In the three decades since Japan’s real estate bubble burst in the early 1990s there has been little overall economic growth or inflation. The easiest monetary policy in the world — interest rates have been not much above zero for decades — has done little to restore price growth and expectations of its return remain at rock bottom, despite repeated attempts by the Bank of Japan to raise them. This has helped to leave it with the highest proportion of national debt to income of any country.
Japan’s experience is often miscast as stagnation, however. While the economy’s growth in aggregate has been low since the end of the 1990s bubble it has done no worse, and often better, at increasing living standards for its citizens than many other rich countries. A shrinking population has meant that while the total economy has stagnated, income per head has kept pace with elsewhere. Unemployment and inequality, too, are enviably low compared with much of Europe and the US.
The country faces the same problems as much of the rest of the developed world, including an ageing population. With among the lowest birth rates in the world, its population has been shrinking.

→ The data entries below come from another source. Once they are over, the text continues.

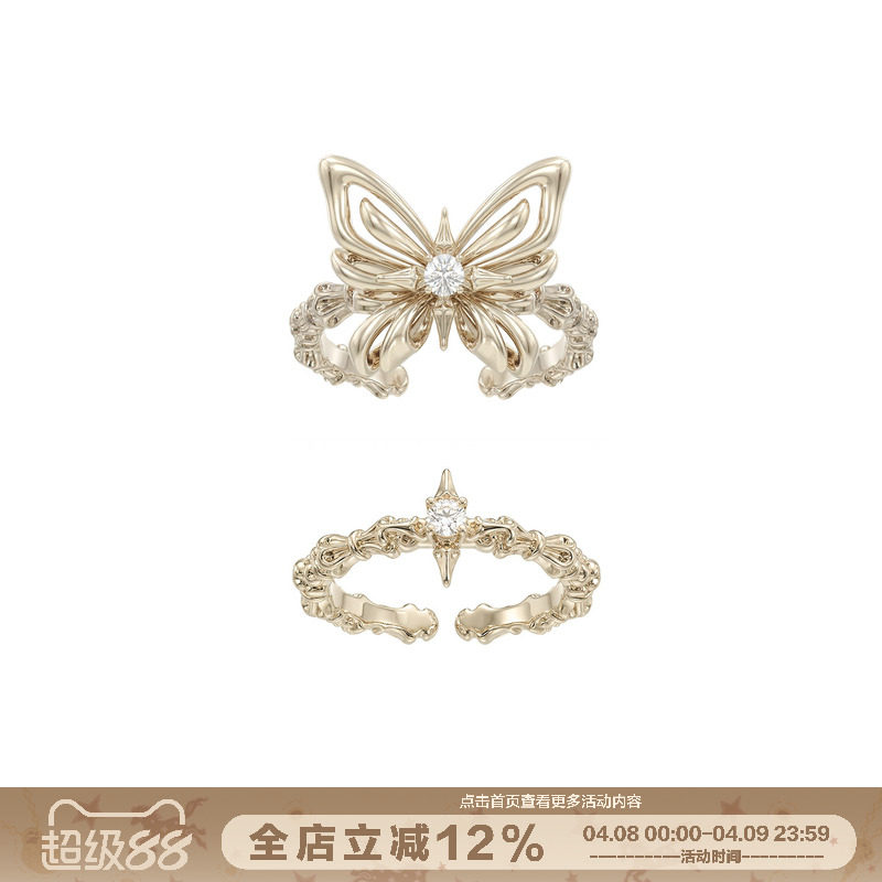 LEMON Mangxing Moonlight Cat's Eye Ring Women's Triopiece Set Niche Design Personality Irregular Opening Accessories Trendy
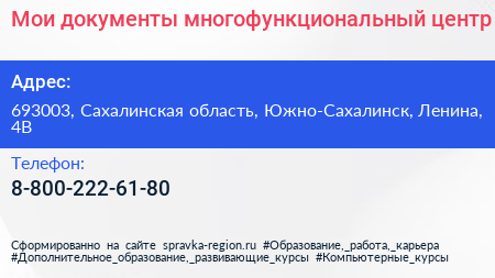 Мои документы, многофункциональный центр по адресу 693003, Сахалинская область, Южно-Сахалинск, Ленина, 4В в дальнейшем Организация, размещена в следующих категориях:
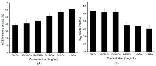 Hydrolysis using alcalase generally yields a mixture of peptides with various sizes and sequences. Ultrafiltration is commonly used to separate the bioactive peptides with different molecular weights (MWs) from the hydrolysate [26]. We fractionated the TFHs using ultrafiltration through 1, 3, 10, 30, and 50 kDa molecular weight cut-off filtration membranes to obtain fractions with MWs < 1, 1–3, 3–10, 10–50, and >50 kDa. The ACE-inhibitory activity gradually increased as the MW of the components decreased (Figure 2A). The ultrafiltrate fraction with MW < 1 kDa had higher inhibitory activity, and thus lower IC50 (0.58 mg/mL), than the fractions with MW > 1 kDa (Figure 2A,B). The results indicated that the low-MW peptides were generally more active than high-MW peptides, which was basically in accordance with the previous research [27,28]. It is believed that short-chain peptides can acquire a spatial conformation that allows them to be positioned within the three-dimensional conformation of the ACE, restricting the access of high-MW peptides [29]. Therefore, the <1 kDa fraction of TFHs was chosen for further separation and purification.
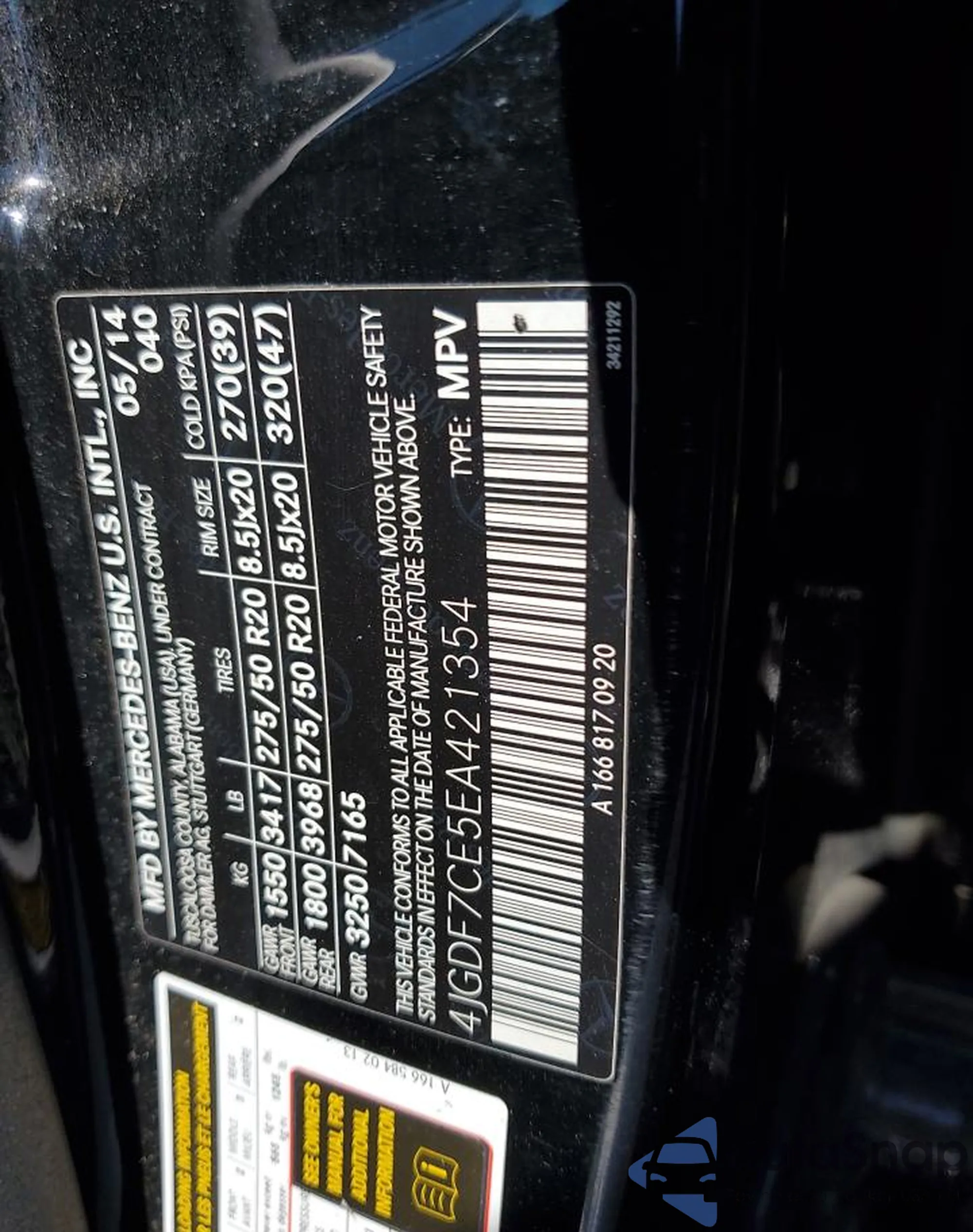 • VIN 4JGDF7CE5EA421354
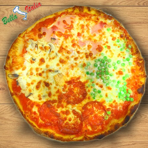 Paradicsomszósz, mozzarella sajt, sonka, gomba, szalámi, zöldborsó, oregano
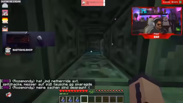 02:40:05Nachdem der Streamer sich für den neuen Skin entschieden hat, spricht er über erhaltene Plushies und freut sich über das schnelle Versandtempo. Er erwähnt auch das Sollen-Event und das Schauen von Mina-Event. Ein Spawner-Freibau wird getestet, wobei die Funktionsweise unklar bleibt. Auch das Farmen von Deepslate wird thematisiert, wobei der Streamer seine Angst vor dem Void erwähnt und sich über den Zustand des Craftex-Servers beschwert.
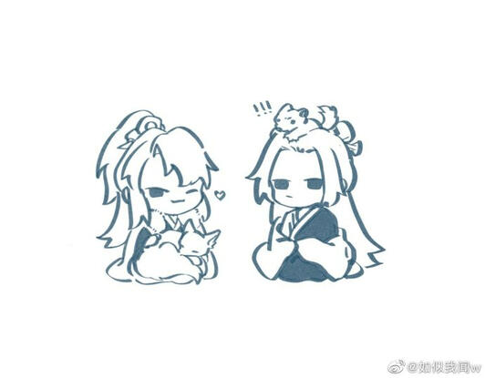 倾予九川's doodle for the author. Left: JL; Right: QZX (Source: author's friend on Weibo.)
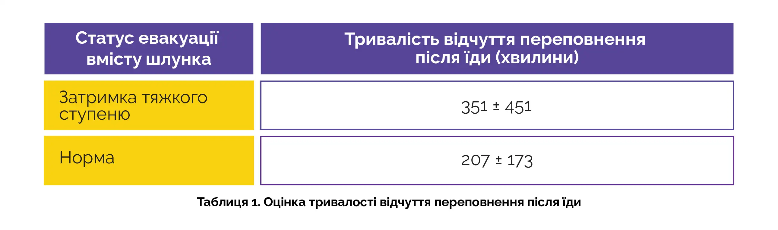 Через погіршення евакуаторної функції шлунка учасники все частіше вносили корективи в дієту, включаючи перехід на дієту з низьким вмістом жирів і клітковини, включення харчових добавок і прийом їжі в подрібненому вигляді (r = 0,309). У пацієнтів із затримкою евакуації вмісту шлунка тяжкого ступеня відчуття переповнення після їди зберігалося протягом більш тривалого періоду порівняно з пацієнтами з нормальною евакуацією вмісту шлунка (див. таблицю 1).

The country, too, has a structural excess of savings and, while incomes have grown, a lack of demand means Japan has remained below its potential — leaving generations of young people frustrated and missing the opportunities of their parents. The modest success it has enjoyed in increasing women’s employment, as well as encouraging the old to work longer, has kept its labour force relatively stable while corporate investment and technological innovation has raised productivity.
Demographics are more favourable for aggregate growth in Europe and the US. Birth rates are often higher, particularly in countries such as France and Sweden where the state provides the most support for working families. Immigration likewise has been higher, historically, than Japan — although, as immigrants age too, population growth relies on maintaining these rates. Nativism on both sides of the Atlantic may mean that the US and Europe may end up looking more similar to Japan in this area, too.

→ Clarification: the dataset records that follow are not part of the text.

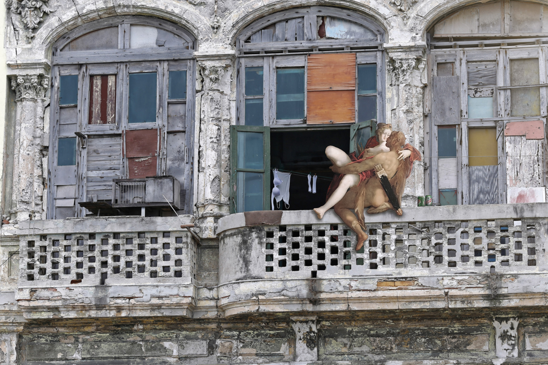 This collage is one of my early works, where I experimented with blending different sources and styles. I combined a Wikipedia photo of a street in Havana with a Renaissance painting of a couple. I wanted to create a contrast between the historical and the contemporary and to show how Cubans can find joy and love in any situation. The collage is a tribute to their resilience and spirit.
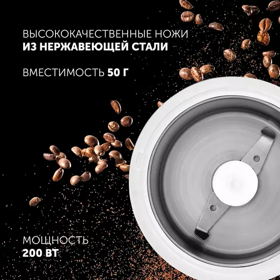 Кофемолка Polaris PCG 2014 200Вт сист.помол.: ротац.нож вместим.: 50гр белый
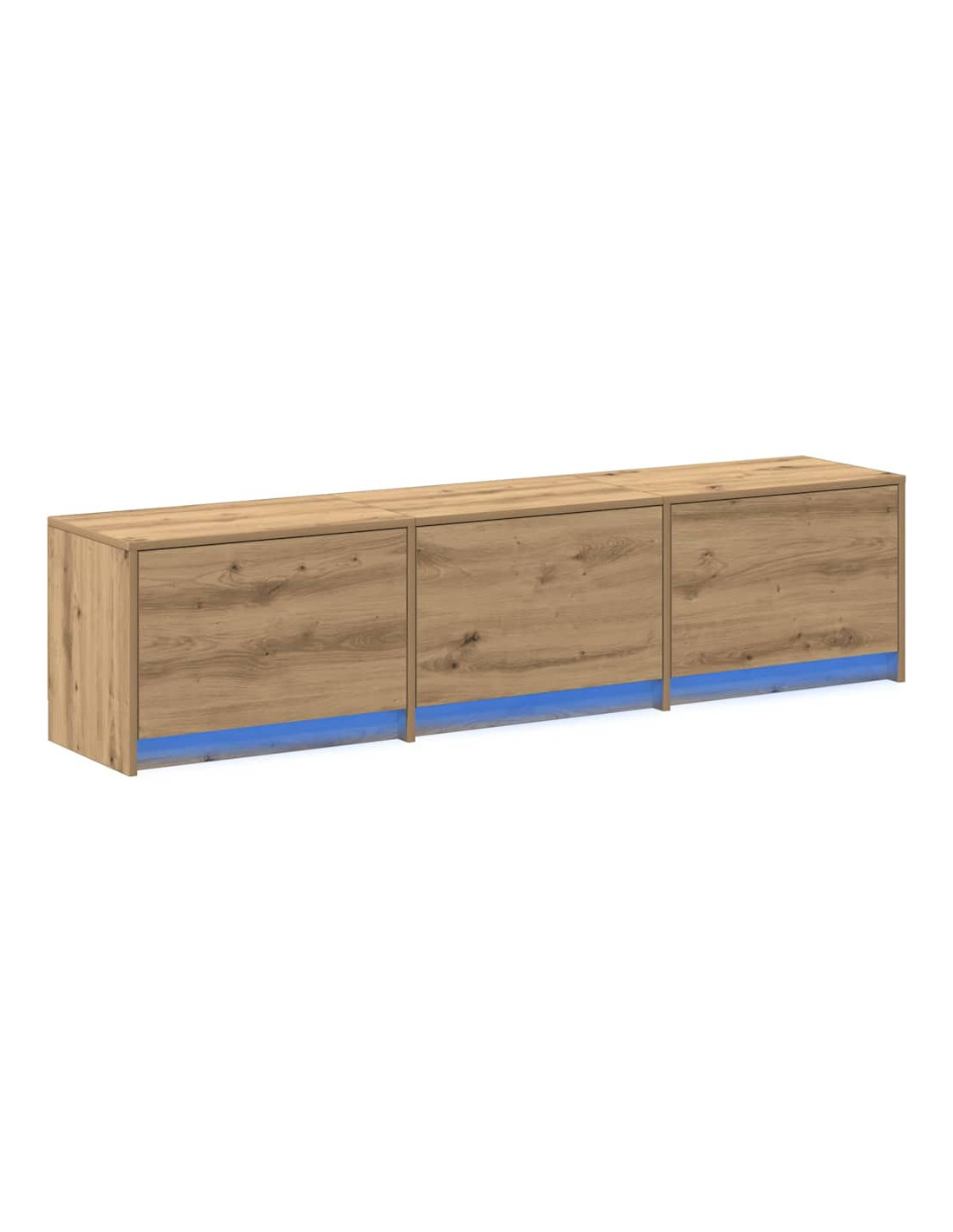 - Illuminazione LED integrata: Con luci multicolore integrate, il mobile crea giochi di luce che migliorano l'atmosfera del tuo spazio. Grazie a un semplice interruttore, puoi regolare i colori per ogni occasione, personalizzando l'illuminazione.
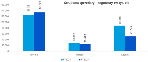 Segment miernikowy, będący kluczowym obszarem działalności Grupy, zwiększył swój udział w strukturze przychodów z 52% do 64%, osiągając poziom około 134 mln zł, co oznacza wzrost o 7% rok do roku. Segment usług montażowych odnotował spadek przychodów do około 24 mln zł, tj. o 16% rok do roku, przy stabilnym udziale w strukturze sprzedaży. Największy wpływ na spadek przychodów Grupy miał segment licznikowy, którego sprzedaż zmniejszyła się do około 52 mln zł, tj. o 41% rok do roku, co było bezpośrednio związane ze zmianą sposobu konsolidacji spółki Foxytech.

Japan’s success in managing to remain relatively stable socially and raise living standards in the face of this demographic pressure is admirable. The chief lesson it offers is that a country can continue to improve the material wellbeing of its citizens without a growing population. This suggests one route for other countries to manage this demographic transition.
Paying close attention to how Japan has done this, as well as its missteps along the way, can provide a helpful guide for the rest of the world. Overall, it shows there may be worse fates than Japanification.